== Input data ==

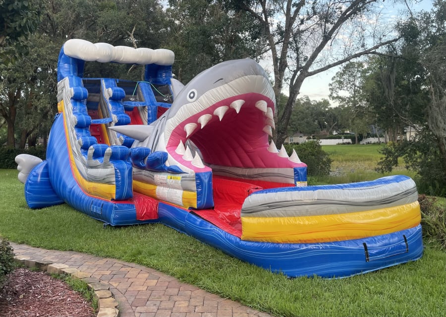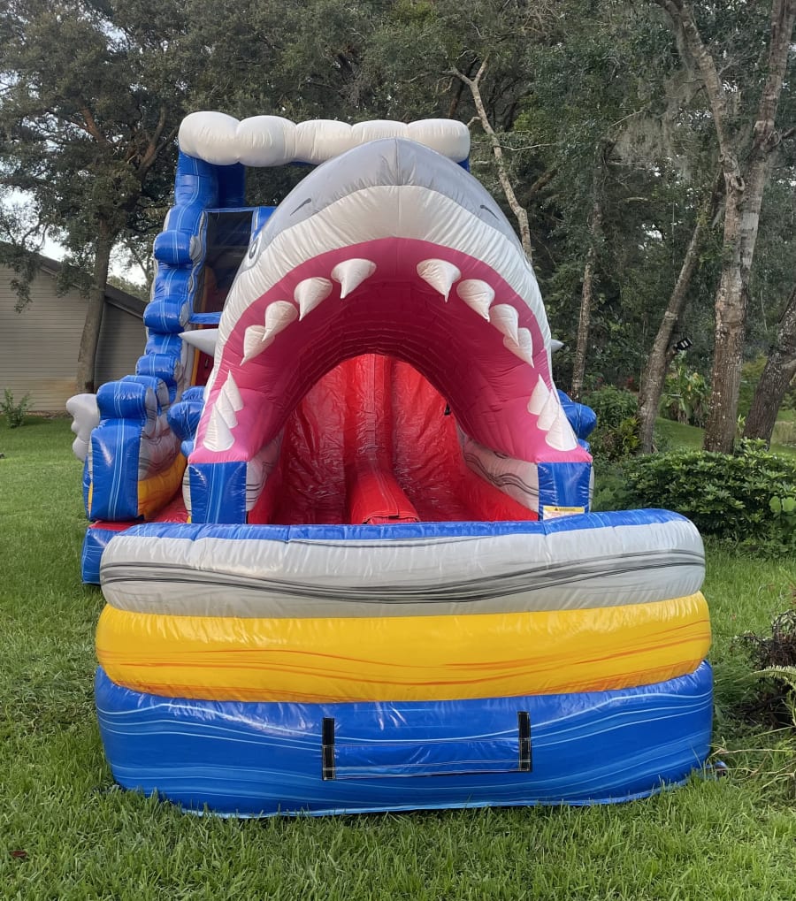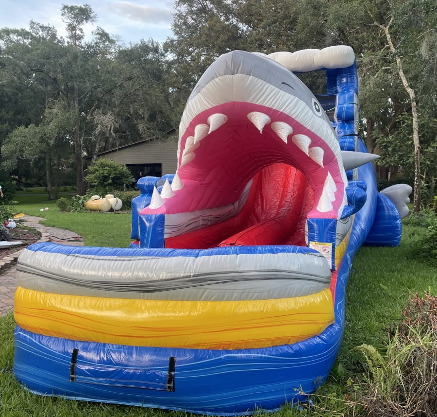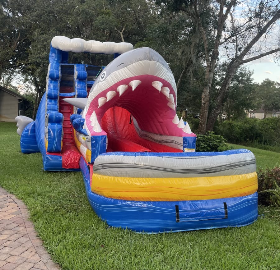 The Shark Attack 18ft Dual Lane Extended Slide is sure to make your event fun for kids and adults alike. The shark tunnel adds a unique waterslide experience for your guests and more shade protection from the Florida sun.
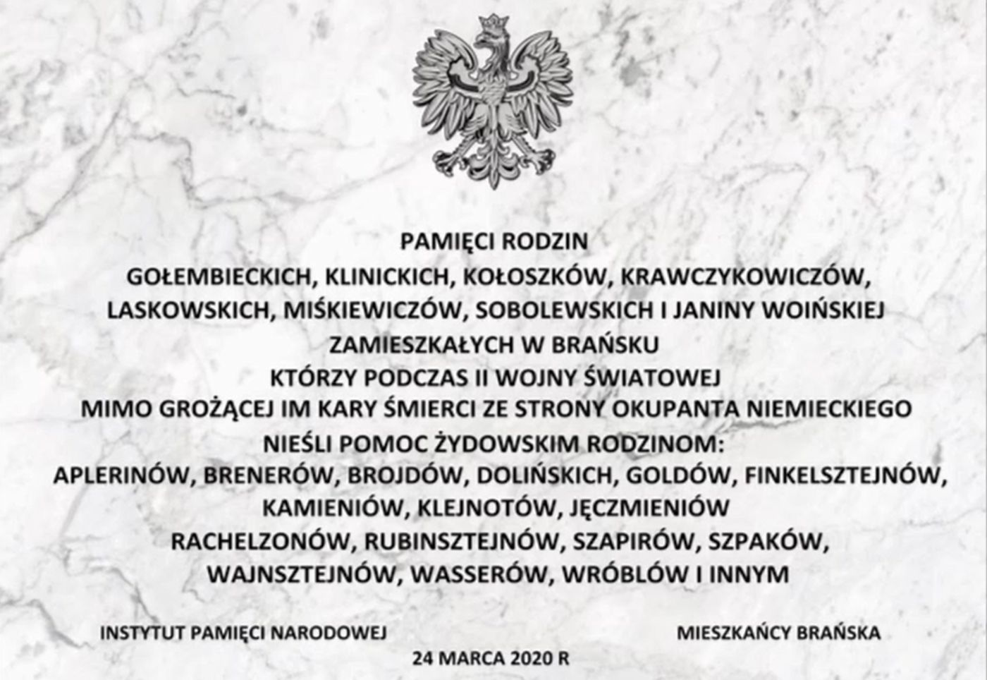 Tablica upamiętnia rodziny Gołembieckich, Klinickich, Kołoszków, Laskowskich, Miśkiewiczów, Sobolewskich oraz farmaceutkę Janinę Woińską oraz osoby ocalone z żydowskich rodzin z Brańska i okręgu białostockiego: Alperinów, Brenerów, Brojdów, Dolińskich, Goldów, Finkelsztejnów, Jęczmieniów, Kamieniów, Klejnotów, Rachelzonów, Rubinsztejnów, Szapirów, Szpaków, Wajnsztejnów, Wasserów, Wróblów (w latach 1942-1944).
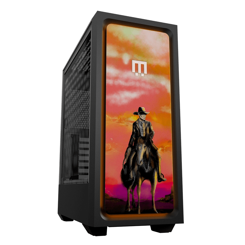 Riding through the crimson dusk, this lone gunslinger doesn’t need introductions. The desert knows his legend, and that’s enough.

===

> [Task goal] Restating the data word for word is the task, and pictures are to be omitted.

> [Answer for this exercise]
 The Shark Attack 18ft Dual Lane Extended Slide is sure to make your event fun for kids and adults alike. The shark tunnel adds a unique waterslide experience for your guests and more shade protection from the Florida sun.
 Tablica upamiętnia rodziny Gołembieckich, Klinickich, Kołoszków, Laskowskich, Miśkiewiczów, Sobolewskich oraz farmaceutkę Janinę Woińską oraz osoby ocalone z żydowskich rodzin z Brańska i okręgu białostockiego: Alperinów, Brenerów, Brojdów, Dolińskich, Goldów, Finkelsztejnów, Jęczmieniów, Kamieniów, Klejnotów, Rachelzonów, Rubinsztejnów, Szapirów, Szpaków, Wajnsztejnów, Wasserów, Wróblów (w latach 1942-1944).
 Riding through the crimson dusk, this lone gunslinger doesn’t need introductions. The desert knows his legend, and that’s enough.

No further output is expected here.